Organizing and analyzing the activity data in NHANES

Stat Biosci. 2019 Jul;11(2):262-287. doi: 10.1007/s12561-018-09229-9. Epub 2019 Feb 9.


The NHANES study contains objectively measured physical activity data collected using hip-worn accelerometers from multiple cohorts. However, using the accelerometry data has proven daunting because: 1) currently, there are no agreed upon standard protocols for data storage and analysis; 2) data exhibit heterogeneous patterns of missingness due to varying degrees of adherence to wear-time protocols; 3) sampling weights need to be carefully adjusted and accounted for in individual analyses; 4) there is a lack of reproducible software that transforms the data from its published format into analytic form; and 5) the high dimensional nature of accelerometry data complicates analyses.
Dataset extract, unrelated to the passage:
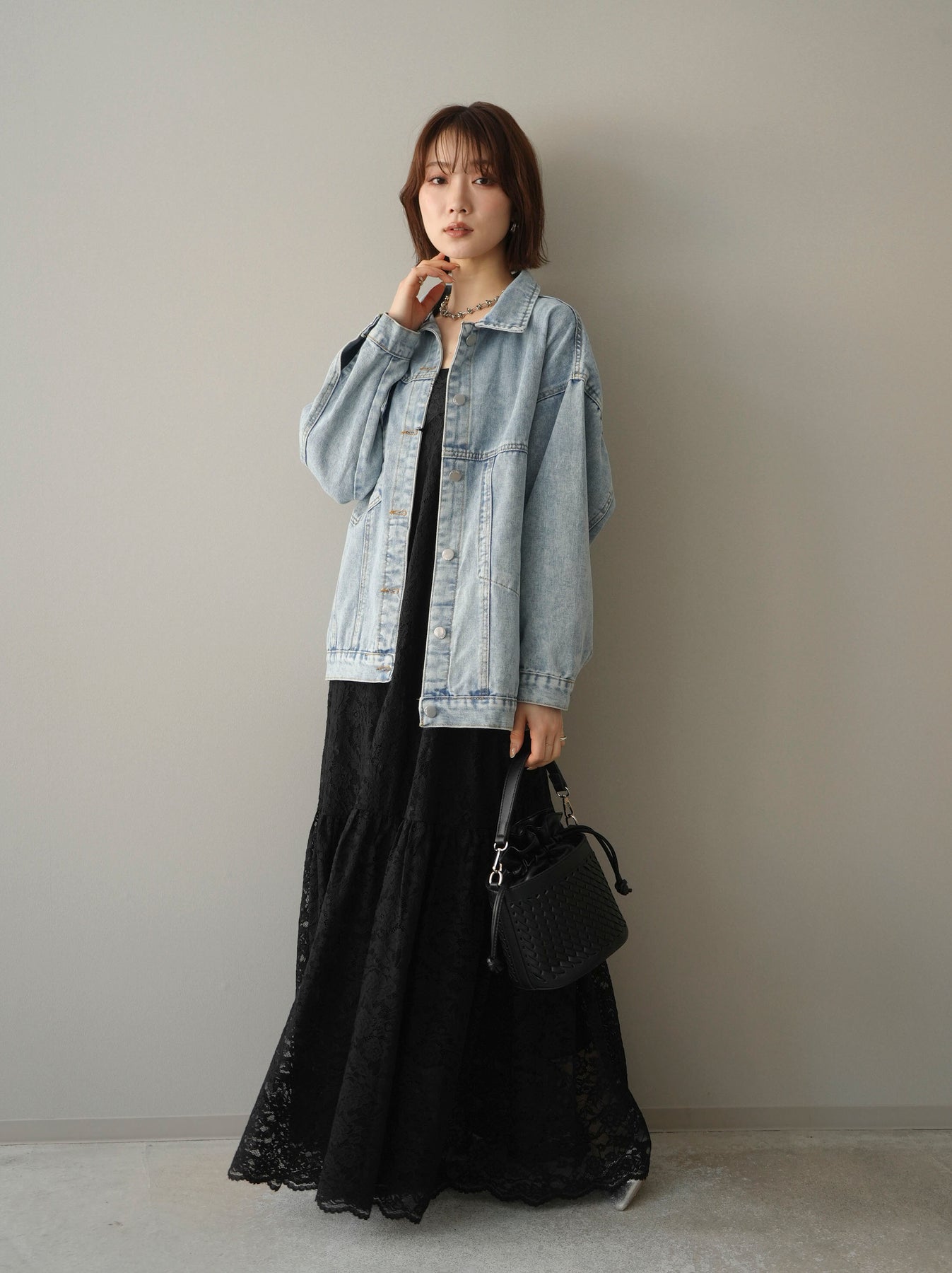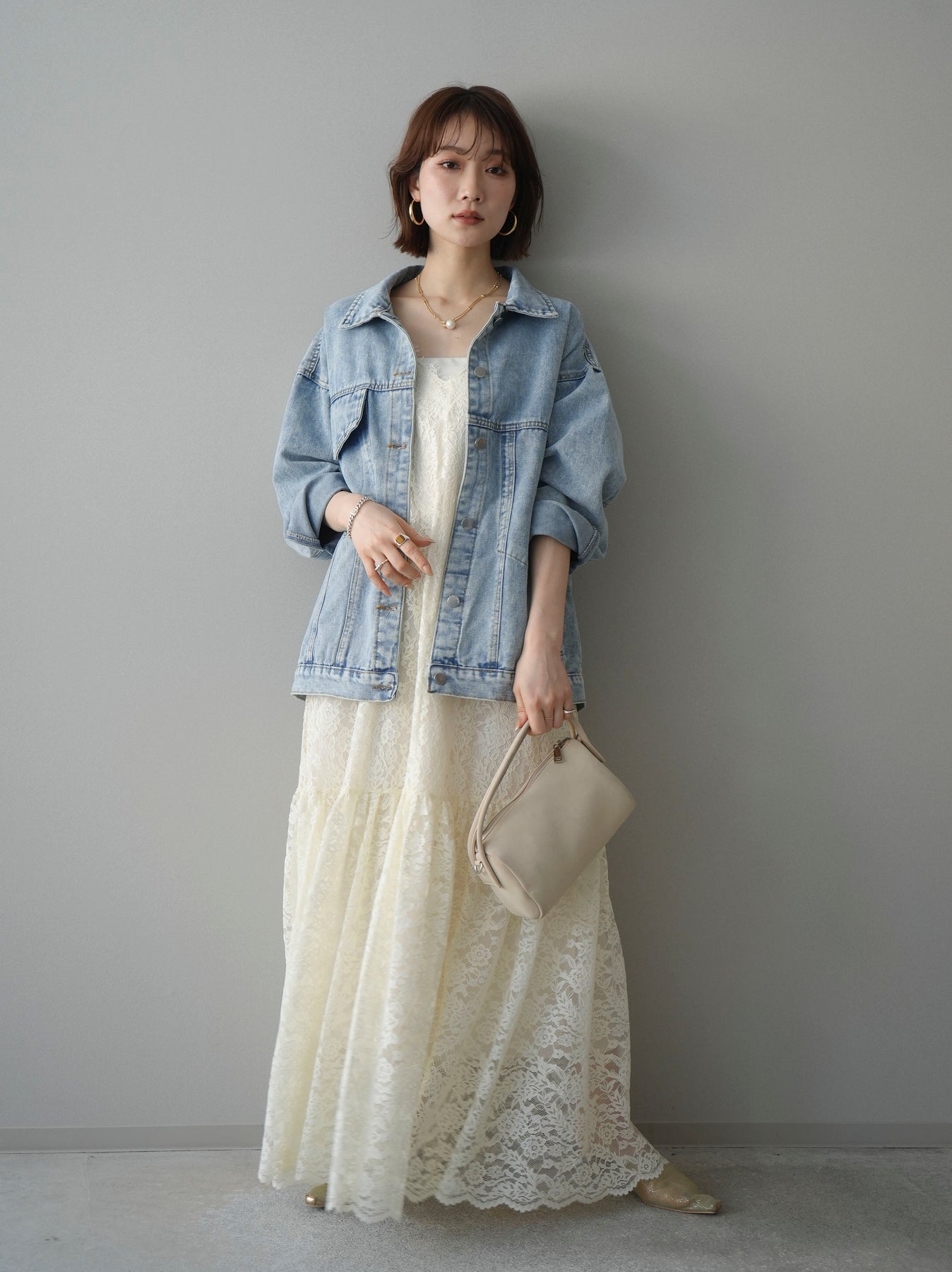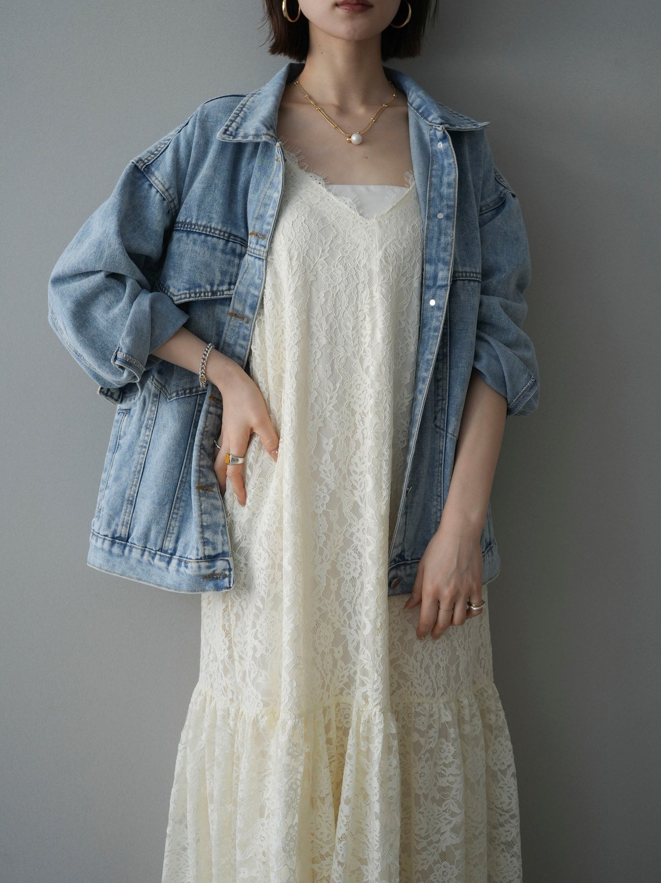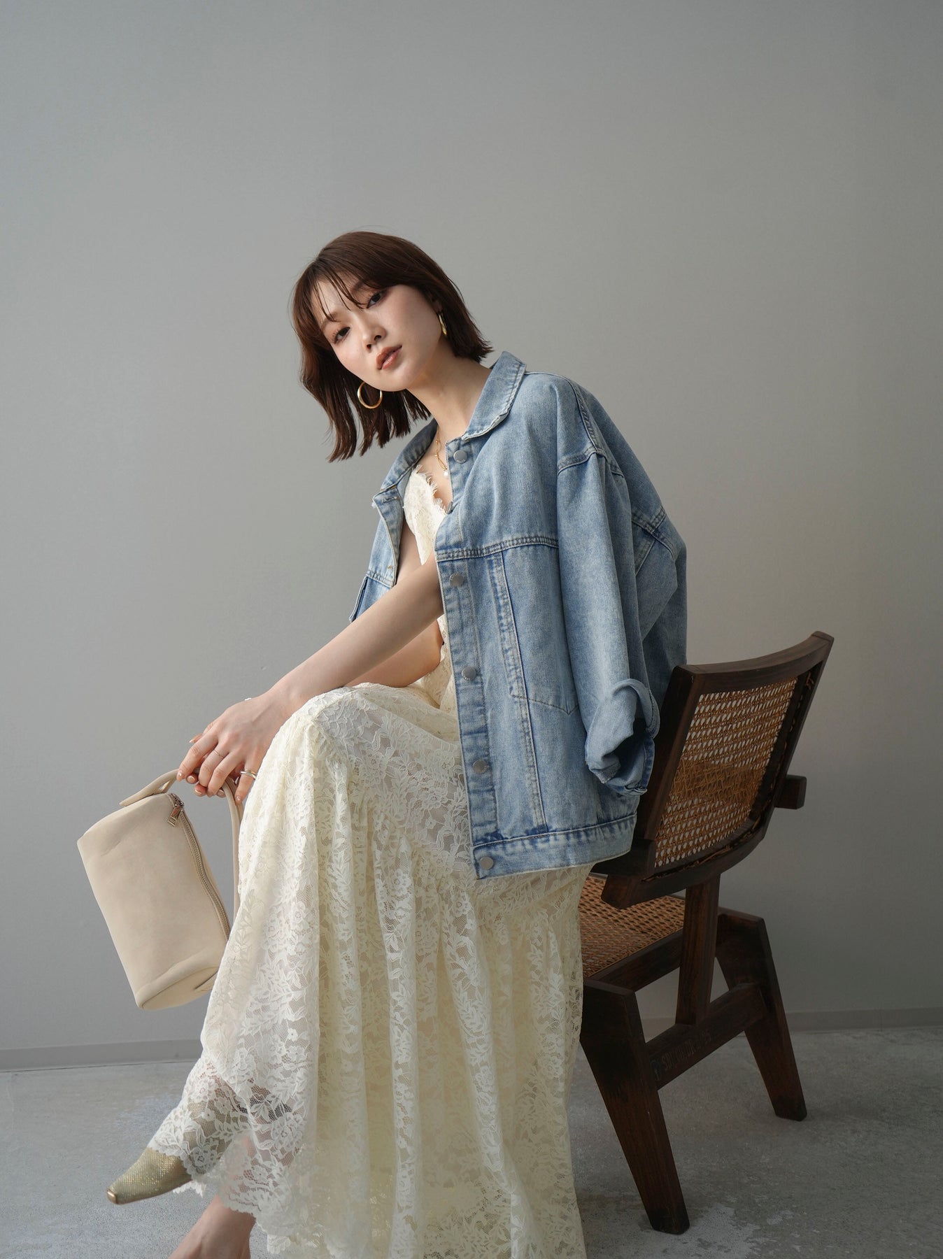 [SET]ギャザー切替レースキャミワンピース+デザインBIGポケットオーバーデニムジャケット(2set)
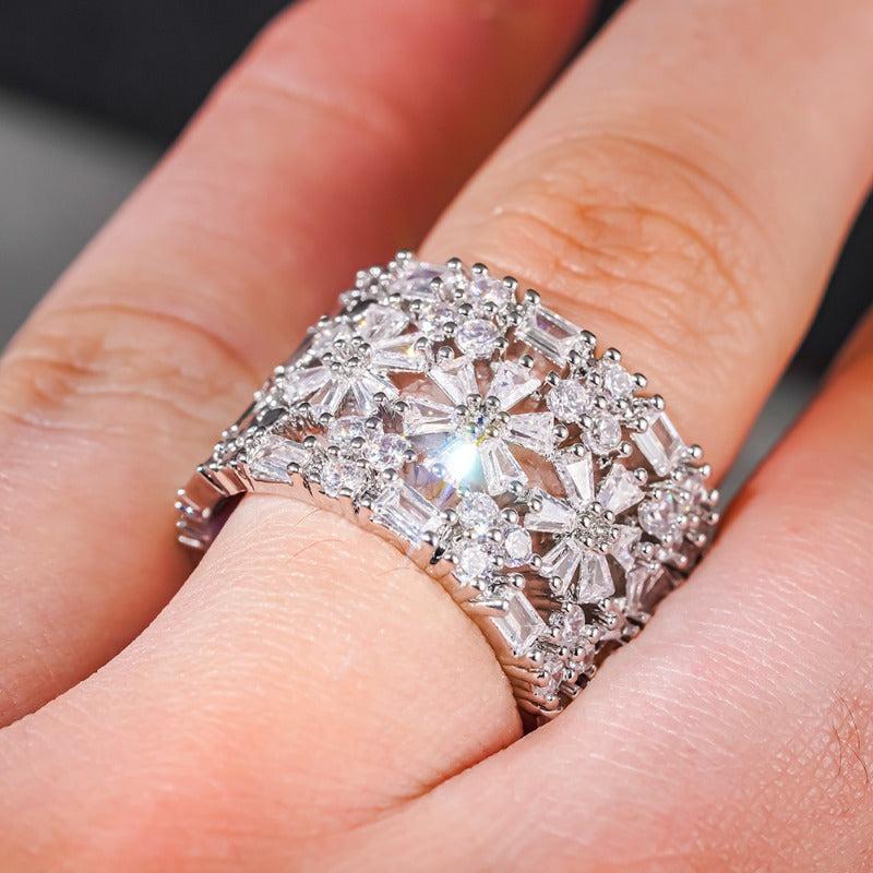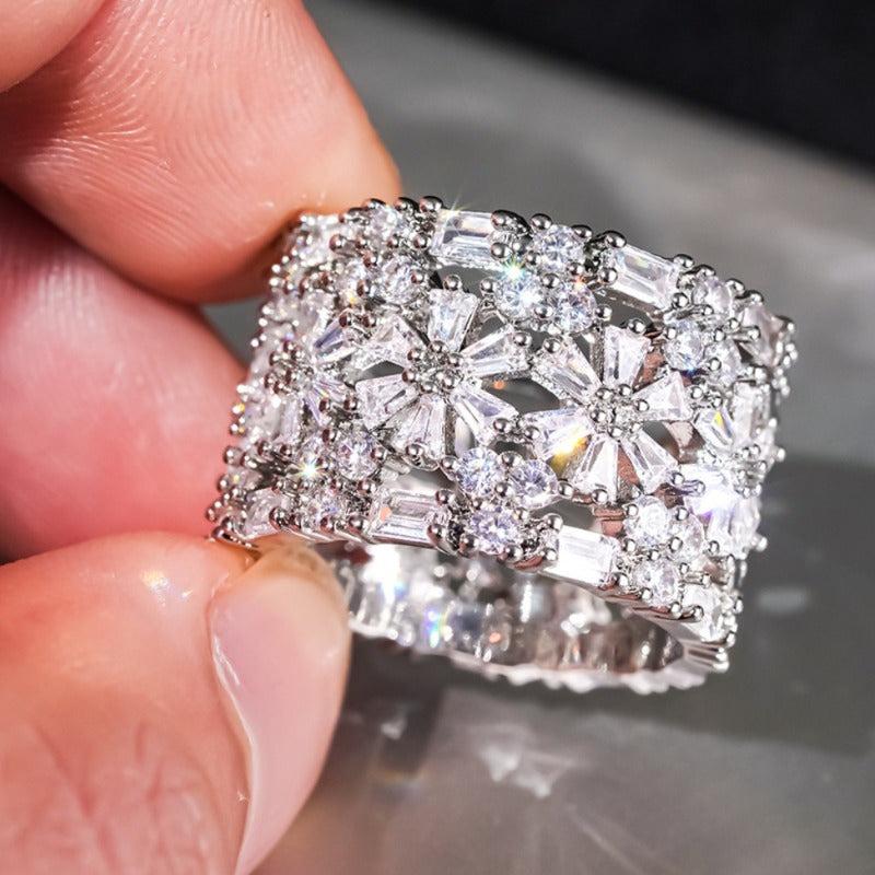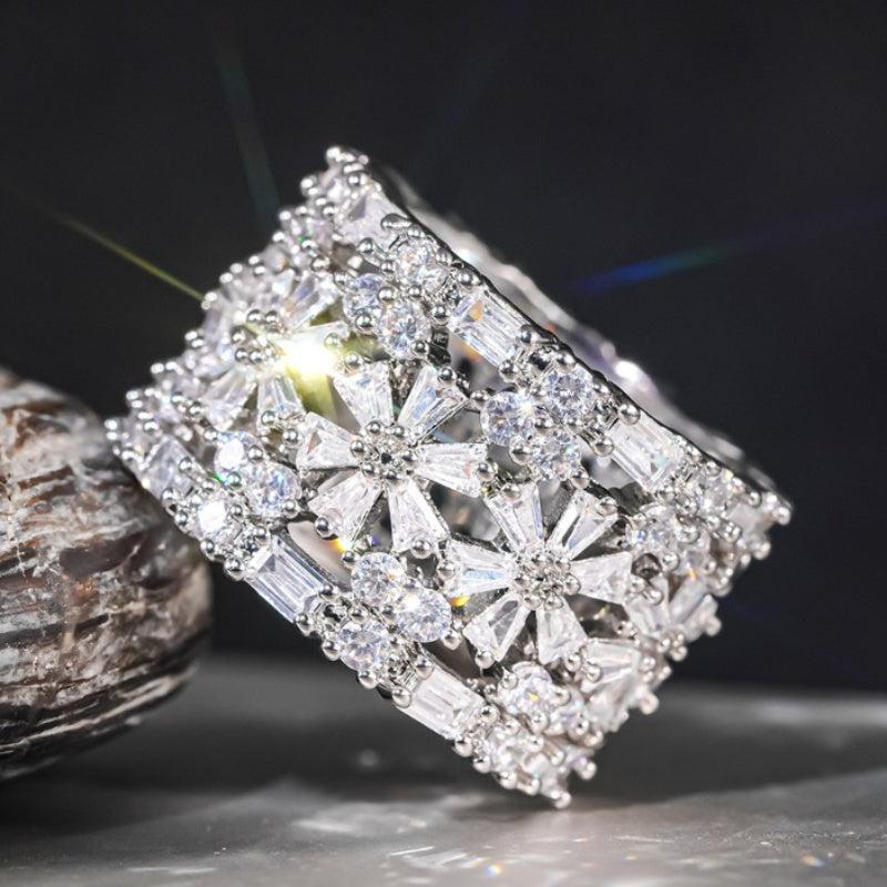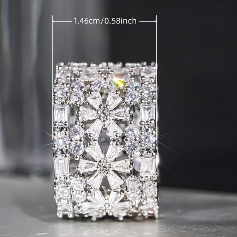 This stunning wide band ring features a floral hollow design with sparkling synthetic zirconia stones. Perfect for weddings, banquets, parties, or as a gift for women born in April.

Here, we provide a framework for processing, storing, and analyzing the NHANES accelerometry data for the 2003-2004 and 2005-2006 surveys. We also provide an NHANES data package in R, to help disseminate high quality, processed activity data combined with mortality and demographic information. Thus, we provide the tools to transition from "available data online" to "easily accessible and usable data", which substantially reduces the large upfront costs of initiating studies of association between physical activity and human health outcomes using NHANES. We apply these tools in an analysis showing that accelerometry features have the potential to predict 5-year all cause mortality better than known risk factors such as age, cigarette smoking, and various comorbidities.

Keywords: Accelerometry; NHANES; Phyiscal Activity; Prediction.